O Bem Amado será microssérie da Globo

Paulo Gracindo (1911-1995) fez história na televisão brasileira como o prefeito Odorico
Paraguaçu, que oportunamente se elege conclamando a construção de um cemitério
municipal em Sucupira, mas sofre para inaugurar com pompa sua obra (superfaturada), uma
vez que ninguém mais morre naquela cidade. Autor da peça que originaria as versões
posteriores, Dias Gomes (1922-1999) assinou a primeira adaptação para a tevê nos anos 70, a
novela O Bem Amado. Com o mesmo elenco, a história novamente faria sucesso na década
seguinte como minissérie, por quatro anos no ar, entre 1980 e 84.
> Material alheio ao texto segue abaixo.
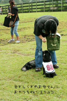 でも、チョコったらたくさんいるワンたちと全然遊ばずに、見知らぬお母さんにお座りアピールでおやつをもらってます(;-_-;)
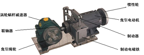 曳引機:含電動機 1只、減速機 1只、抱閘 1套、 聯(lián)軸器 1套、曳引輪 1只、導向輪 1只 |
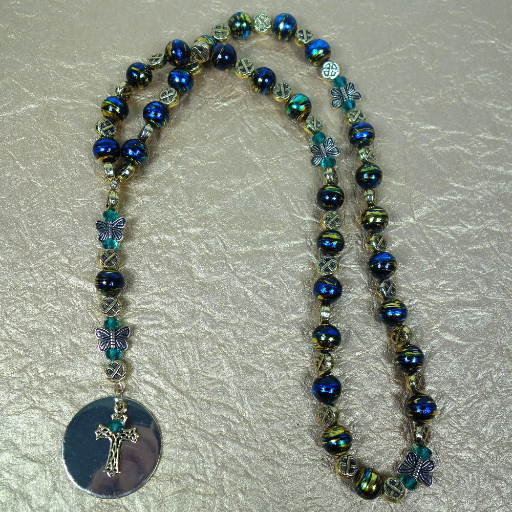 Goldtone metal butterflies, gold-foiled aqua glass beads, and chunky metal cloverleaf beads grace this Protestant prayer bead necklace. Its embossed goldtone metal cross hangs with an aqua dangle atop a goldtone metal disk. Inspirational words embossed on one side of it include: “Passion, Joy, Hope, Courage, Honor, Family, Loyalty, Unity, Kindness, Humor, Love, Trust, Truth, and Charity.” With butterflies for grace, cloverleafs for luck, affirmations for inspiration, and the cross for guidance, what more could you want in a set of prayer beads? Quite the beautiful statement of faith when worn, too.
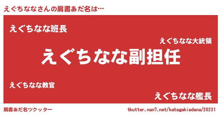 | ヒーロー風カッコイイあだ名 | 『ネオエグチナナ』『炎刃騎士エグ』 |
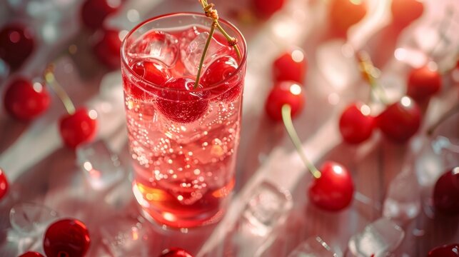 Trendy sleepy girl cherry mocktail. Popular Magnesium cherry drink for relax, deep sleeping. Bedtime routine for better sleep concept. Generative ai
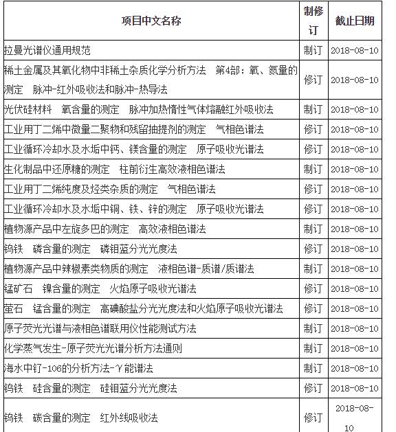 根據(jù)通知內(nèi)容顯示,在685項計劃中,涉及多項儀器分析檢測標準,包括拉曼光譜法、近紅外光譜法、原子吸收光譜法、電感耦合等離子體、原子發(fā)射光譜法、氣相色譜法、高效液相色譜法等,多欽儀表整理如下:
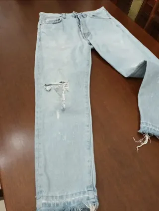 Jeans a vita alta con un design moderno e un tocco grintoso. - Vita alta - Effetto strappato sulle ginocchia - Fondo sfrangiato e svasato - Vestibilità comoda
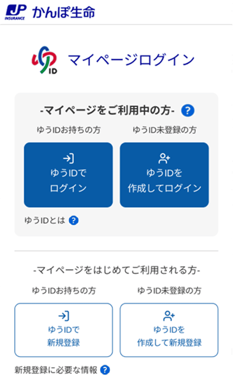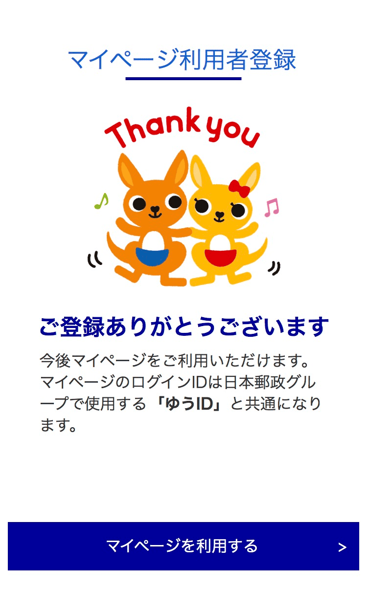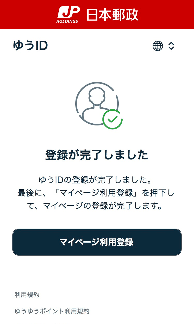 マイページログイン画面「-マイページをはじめてご利用される方-」の「ゆうIDを作成して新規登録」からゆうIDを作成後、作成したゆうIDでログインいただき、マイページの登録を行ってください。
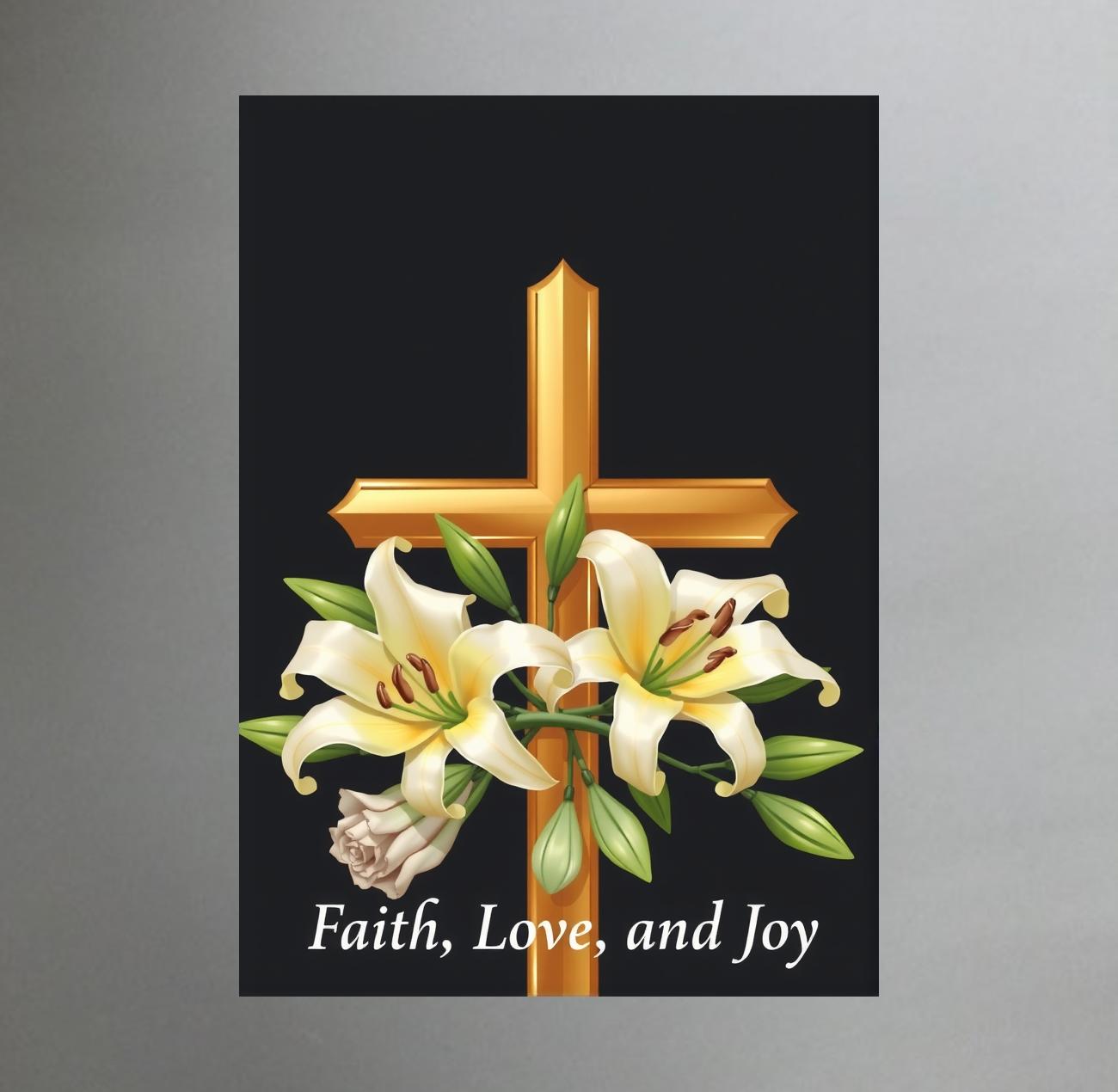Faith love and joy Greeting card. Size, 148 x 210 millimetres. Please include the exact greeting you want inside by including it in the text box above- we will handwrite this for you. Also include the name and address of the person you wish to send it to
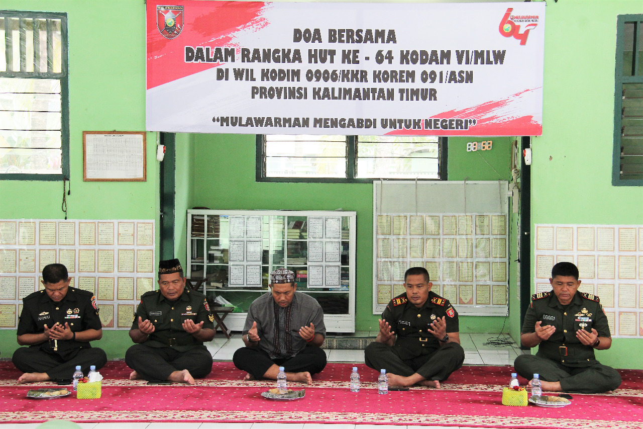 Kutai Kartanegara – Jelang peringatan HUT ke- 64 Kodam VI/Mulawarman, keluarga besar Kodim 0906/Kutai Kartanegara (Kkr) dipimpin Pasiter Kapten Inf. Sukoco laksanakan do’a bersama di langgar Nurul Jihad, jalan KH. Ahmad Mukhsin kelurahan Timbau kecamatan Tenggarong Kabupaten Kutai Kartanegara (Kukar).
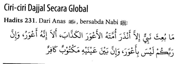 itu buta sebelah matanya dan sesunguhnya Pemelihara kalian itu tidaklahbuta sebelah. Dan sungguh di antara keduamatanya (kedua
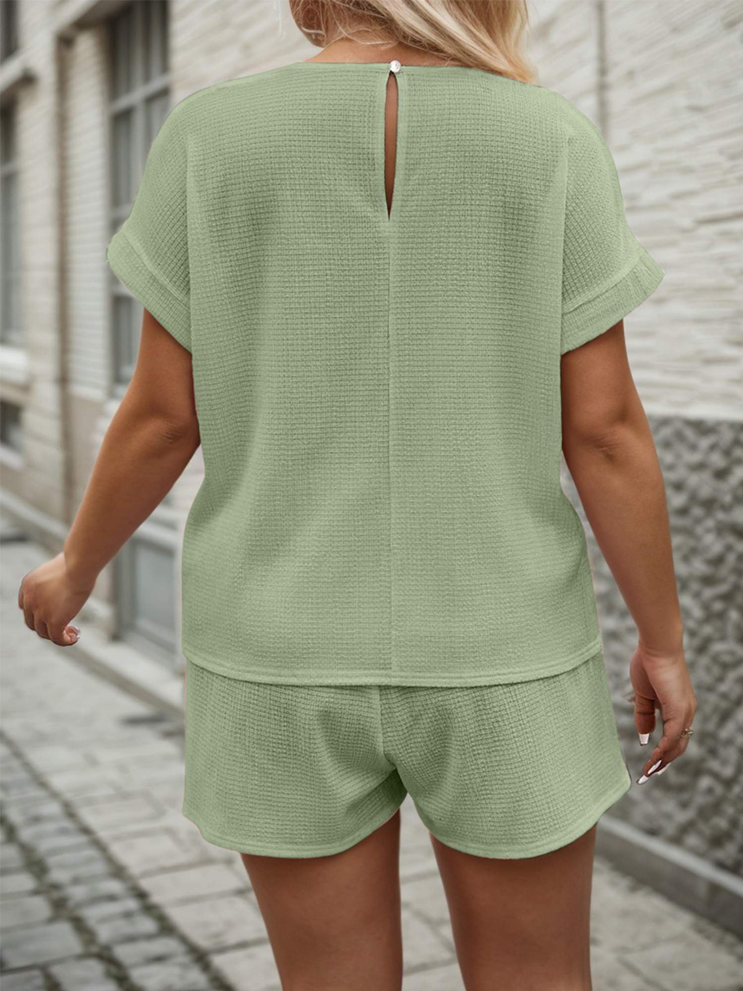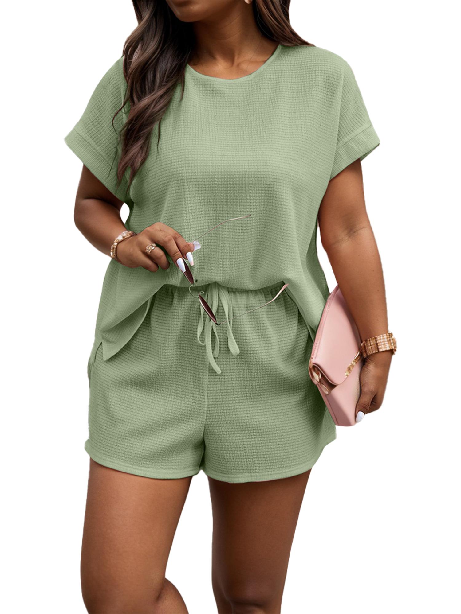 Womens Two Pieces Outfits Casual Lounge Sets Solid Batwing Sleeve Tee & Shorts
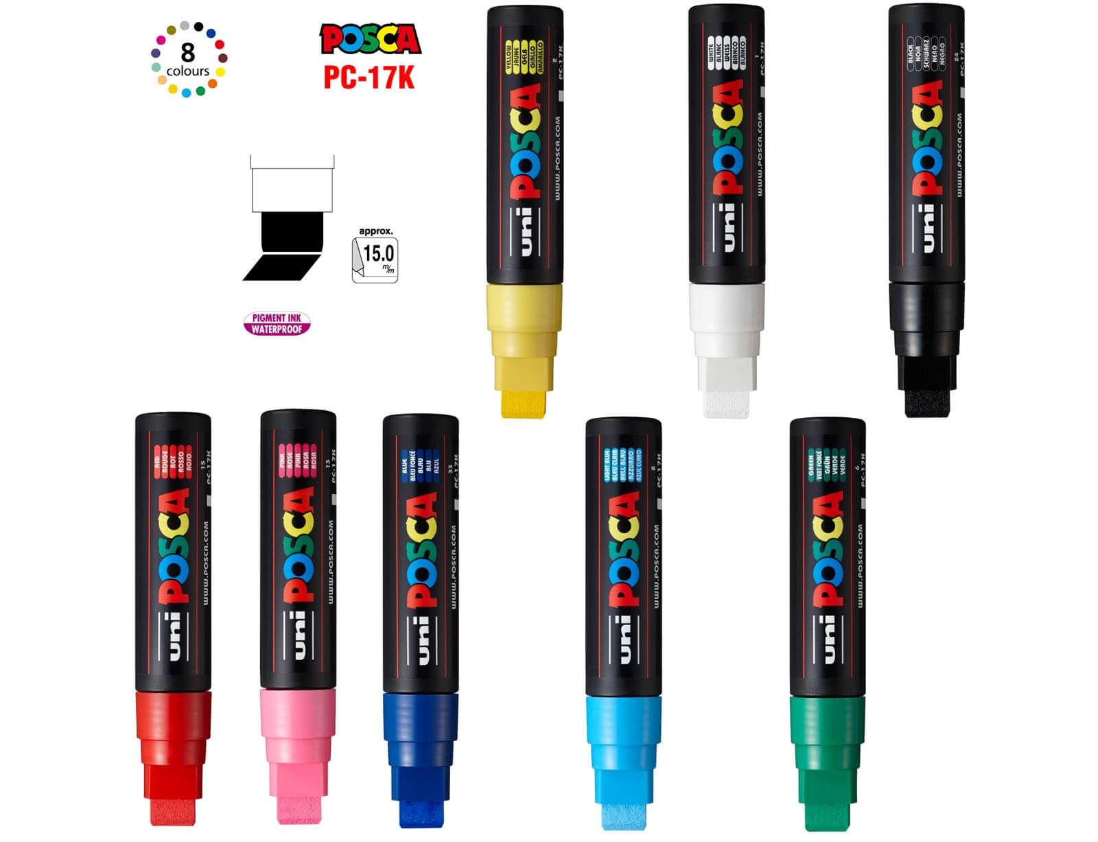 Αφήστε τη δημιουργικότητά σας να απογειωθεί με τον ιδανικό συνεργάτη για όλες σας τις καλλιτεχνικές δημιουργίες. Ο Uni Posca PC-17K συνδυάζει ποιότητα και απόδοση, προσφέροντάς σας πλούσιους χρωματισμούς και ζωντανές λεπτομέρειες σε κάθε σας έργο. Με μύτη διαμέτρου 15.0mm, προσφέρει εξαιρετική ακρίβεια, ενώ μπορείτε να τον χρησιμοποιήσετε σε οποιαδήποτε επιφάνεια.
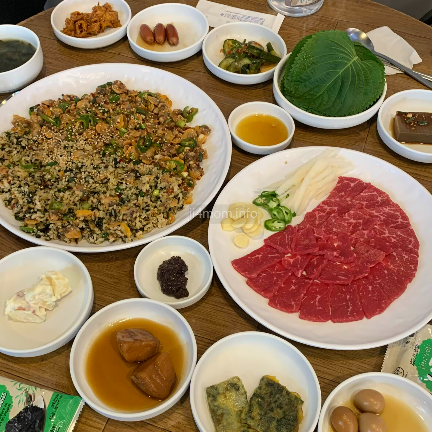 꼬막 무침은 깻잎과 밑반찬으로 나온 오이 무침과 다시마에 싸서 먹으면 그 맛이 예술이죠.
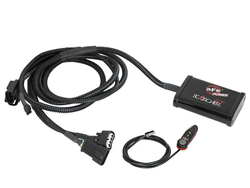 A simple 30 minute install will give you a huge increase in power. The aFe POWER SCORCHER GT Module includes a high quality case & wire harness with factory style connectors for an easy plug & play installation. A LED light switch provides In-Cabin On-The-Fly power adjustments. The 4-Power settings are adjustable with one button and the LED light represent the settings: Stock (Green), Sport (Yellow), Sport+ (Orange) and Race (Red) . This performance module increases turbo boost, thus Improving vehicle performance and throttle response. This quick and easy plug & play SCORCHER GT module adds significant power by altering pressure sensor signals to increase turbo boost to improve vehicle efficiency, power and throttle response. SCORCHER GT modules features In-Cabin On-the-Fly power adjustment to accommodate any situation. This adjustment is controlled by via LED light switch with a button that can be easily mounted in any location in the cabin. aFe SCORCHER GT modules uses high quality aluminum extrusion black powder-coated enclosure casing and factory style connectors which requires no modification to your factory harness. These factory style connectors plug directly into the stock wiring harness connectors and sensors. SCORCHER GT modules are 100% tested for proper protection. These modules work amazingly on stock vehicles and are optimized for maximum performance with use of aFe POWER performance products.

Pois O Bem Amado logo voltará à televisão, desta vez dirigido por Guel Arraes, em uma
microssérie em quatro capítulos ainda sem data para estrear. O projeto para a tela pequena é
inseparável da produção para o cinema: as filmagens foram as mesmas. Enquanto gravava o
longa-metragem, o diretor já garantia as tomadas extras que seriam editadas no formato da
programação noturna da Rede Globo. Estratégia igual de aproveitamento de tempo, equipe e
material teria sido seguida pela produção de Chico Xavier para migrar diretamente do cinema
para a tevê. (LR)

Festival

Recife

Odorico Paraguaçu vive

O Bem Amado, filme de Guel Arraes, abriu o 14o Cine PE. Na adaptação da peça de Dias
Gomes para o cinema, Marco Nanini interpreta o personagem que foi de Paulo Gracindo na
tevê

Recife

Luciana Romagnolli*

Na versão para o cinema de O Bem Amado, é Marco Nanini quem profere o discurso empolado
que o prefeito Odorico Paraguaçu usa para camuflar suas picaretagens na administração da
cidade de Sucupira. Sem roubar o ar provinciano ao cenário da peça escrita por Dias Gomes
em 1962, Guel Arraes quis fazer um filme atual, e entendeu que para isso seria necessário
abaixar o tom de coronelismo em favor de uma politicagem mais contemporânea, embora
igualmente corrupta, adepta de promessas de campanha oportunistas, obras superfaturadas e
demais relações corrompidas.

O longa-metragem foi exibido pela primeira vez em público na abertura do 14º Cine PE Festival
do Audiovisual, nesta segunda-feira (26), com preocupação redobrada para que ninguém na
plateia de quase três mil lugares registrasse imagens que pudessem gerar cópias falsificadas.
Aos cinemas, o filme só deve chegar no dia 23 de julho. E não deve demorar muito para
retornar à tevê, onde marcou época em duas ocasiões tendo Paulo Gracindo como
protagonista (leia mais ao lado).

As irmãs Cajazeiro são interpretadas agora por um trio mais jovem, de furor sexual crescente,
que cabe a Odorico apaziguar: Zezé Polessa, Andréa Beltrão e Drica Moraes. Dentro da sátira à
elite brasileira, que é como Arraes enxerga a obra, as três cumprem a missão de alfinetar as
socialites que existem por aí. Matheus Nachtergaele vive Dirceu Borboleta, o assexuado
assistente do prefeito. E José Wilker faz um Zeca Diabo menos capiau do que o de Lima Duarte
e mais identificado ao sobrenome que adotou. Todos encarnam tipos caricatos, de um humor
histriônico no lugar do realismo popularizado nas versões televisivas. O texto de tiradas
inteligentes sobrevive, mas exige fôlego para não sucumbir na pressa do estilo Guel Arraes de
dirigir.

Na coletiva de imprensa realizada ontem, o elenco e o diretor negaram qualquer inspiração no


passado. Tanto Marco Nanini quanto Miguel Arraes disseram inclusive não ter assistido à
novela nem à minissérie anteriores. O trabalho dos dois em cima do texto seguiu outra rota.
Partiu de uma montagem de O Bem Amado para o teatro, que Nanini protagonizou em 2007,
com a participação das Companhia dos Atores e direção de Enrique Diaz.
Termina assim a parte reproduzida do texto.